| What is expected |
All lines from the one bearing "注:*為過濾精度001、003、005、010、020、025μm等" through the end of the data below must be printed exactly as they stand, with pictures removed.

| Dataset excerpt |

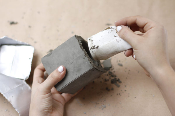 - 콘크리트를 거푸집에 붓고 4시간 동안 기다리세요. 그 후 거푸집을 뜯거나 잘라서 제거하지만, 화분 자체는 아직 건드리지 마세요. 최소 3일 동안 그대로 두어야 합니다. 이 기간 동안 화분의 강도는 30% 정도 증가합니다. 28일 후에 최대 강도에 도달하고 나서야 식물을 심을 수 있습니다. 이 상태를 방치하면 콘크리트 화분이 무너질 수 있습니다.
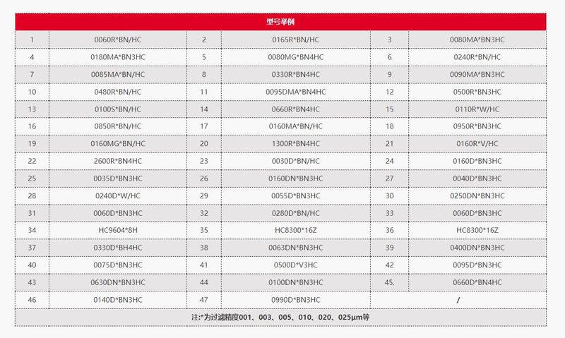 注:*為過濾精度001、003、005、010、020、025μm等
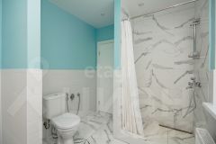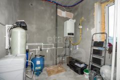 На первом этаже находится гостевой санузел. В нем предусмотрено окно. Оборудован электрический теплый пол. Через санузел попадаем в котельную. Установлен настенный газовый двухконтурный котел. От него подается и отопление и горячая вода.

| Finished task |
 注:*為過濾精度001、003、005、010、020、025μm等
 На первом этаже находится гостевой санузел. В нем предусмотрено окно. Оборудован электрический теплый пол. Через санузел попадаем в котельную. Установлен настенный газовый двухконтурный котел. От него подается и отопление и горячая вода.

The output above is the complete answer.